The goal of this blog is to empower ourselves as learners, skill-builders and autodidacts. As such, we have to be aware of the outside influences that will hijack and jeopardise our learning efforts.

We’ve spoken about learning myths, mindsets, and other crucial concepts that are strongly rooted in your own behaviour and mindsets.

But learning has a strong social component too, and it's crucial you're aware of it if you want to kick ass in your pursuits. Today we’re going to discuss what George Leonard called The War Against Mystery. He was talking about the 1970s consumerist culture in America. If it was a considerable problem fifty years, it's a humungous problem now.

I want you to take this very, very seriously. This war is stopping you from learning. It’s stopping you from serious dedication and devotion. And it’s jeopardising your happiness and ability to reach your potential in life.

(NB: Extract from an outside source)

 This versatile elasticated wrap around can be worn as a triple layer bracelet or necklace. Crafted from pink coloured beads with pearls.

What Is The War Against Mastery?

Nowadays we have an endless amount of consumption available to us. There is a never-ending array of non-necessities out there. The economic system requires higher and higher levels of consumer spending to be viable. The only limit to our consumption is the amount of money we have, and our limited capacity for intake.

In essence, society and culture is very anti long-term effort and anti-perseverance. You’re more profitable as an impatient, distracted, omni-seeking consumer and pleasure junkie than you are as a dedicated skillbuillder and learner.

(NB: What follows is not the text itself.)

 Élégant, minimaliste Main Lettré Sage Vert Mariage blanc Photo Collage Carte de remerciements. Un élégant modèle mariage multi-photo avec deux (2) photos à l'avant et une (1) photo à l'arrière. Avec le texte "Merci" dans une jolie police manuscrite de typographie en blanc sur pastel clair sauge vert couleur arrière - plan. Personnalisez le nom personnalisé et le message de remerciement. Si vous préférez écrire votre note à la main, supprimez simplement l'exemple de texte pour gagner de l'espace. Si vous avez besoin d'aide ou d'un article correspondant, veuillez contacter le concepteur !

Have you ever noticed that you’re continually bombarded with promises of immediate gratification, quick fixes, and instant success? This infects all areas of consumerism, from entertainment to music to medicine to sports, and yes, to learning itself.

You can see our dependence on constant highs in the overuse of mobile phones and technology. We can plug into WhatsApp, social media, or Netflix and enjoy an interrupted flow of stimulation. It also shows up in our health system and dietary habits.

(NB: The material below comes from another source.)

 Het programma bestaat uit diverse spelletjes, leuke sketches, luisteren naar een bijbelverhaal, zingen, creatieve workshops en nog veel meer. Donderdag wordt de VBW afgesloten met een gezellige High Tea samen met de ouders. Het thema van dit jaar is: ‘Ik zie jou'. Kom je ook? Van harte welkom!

Ads are stimulating and exaggerated, and promise products that somehow skirt difficulty and effort. They appeal to hedonism and are directed at our lower self.  You're swamped with climactic moments that conceal all the preceding effort.

Even sports ads, which promote an area that requires a superhuman amount of effort and persistence to master, are filled with quick snippets of the best shots, the trophy winners, the orgasmic highs.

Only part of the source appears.